Dek Gam menegaskan, informasi yang mengaitkan dirinya dengan kasus korupsi MBG tersebut merupakan hoaks dan tidak memiliki dasar yang jelas.
Awalnya ia tidak ingin menanggapi isu yang beredar. Akan tetapi, karena penyebaran informasi tersebut semakin meluas dan menyangkut nama baiknya, maka perlu memberikan klarifikasi kepada publik.
“Saya awalnya tidak mau tanggapi persoalan ini, tapi karena saya lihat tidak terkontrol lagi informasi yang menyebar itu, makanya saya perlu klarifikasi,” ujarnya.
Ia kembali menegaskan tidak memiliki keterlibatan apapun dalam pengelolaan maupun pelaksanaan program MBG yang berada di bawah kewenangan BGN ini.
“Saya juga kaget kok bisa tiba-tiba muncul nama saya,” katanya.
Dalam kesempatan ini, dirinya mengimbau masyarakat untuk tidak mudah mempercayai informasi yang belum terverifikasi, terutama yang beredar melalui media sosial.

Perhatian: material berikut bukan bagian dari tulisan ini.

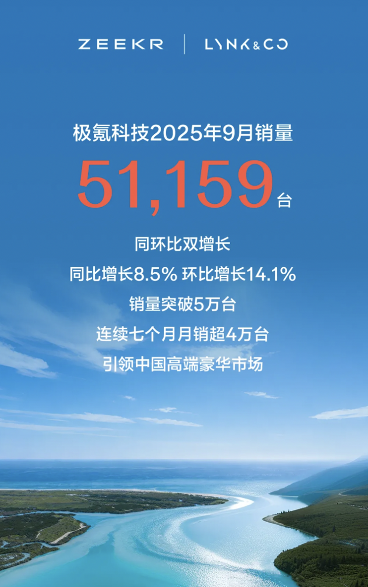 极氪科技2025年9月销量为51159台,同比增长8.5%,环比增长14.1%。这意味着,极氪科技已实现连续7个月月销量超过4万台,9月销量实现同环比双增长,并且创下了2025年单月销量新高。定位为“全球超豪华旗舰SUV”的极氪9X于9月29日上市,上市后13分钟,大定突破10000台。根据极氪9X上市发布会后的媒体群访,吉利汽车集团高级副总裁、极氪科技副总裁林杰透露,在极氪8月公布下半年产品更新计划后,连续两个月极氪001销量实现同比增长。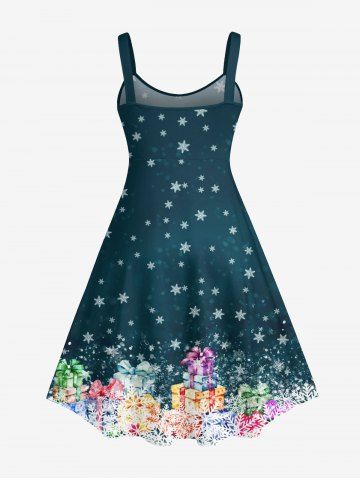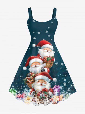 Plus Size Christmas Gift Santa Claus Snowflake Print A Line Tank Dress - Green - 1x

Menurutnya, penyebaran informasi yang tidak akurat dapat menimbulkan kesalahpahaman dan merugikan pihak-pihak yang tidak terkait.
Publik diharapkan untuk menyerahkan sepenuhnya proses penanganan perkara ini kepada aparat penegak hukum, dan mendukung upaya pengusutan kasus tersebut secara transparan.
“Serahkan kepada Kejaksaan Agung, biarkan penyidik yang bekerja. Dan mari kita kawal bersama kasus ini,” demikian Nazaruddin Dek Gam.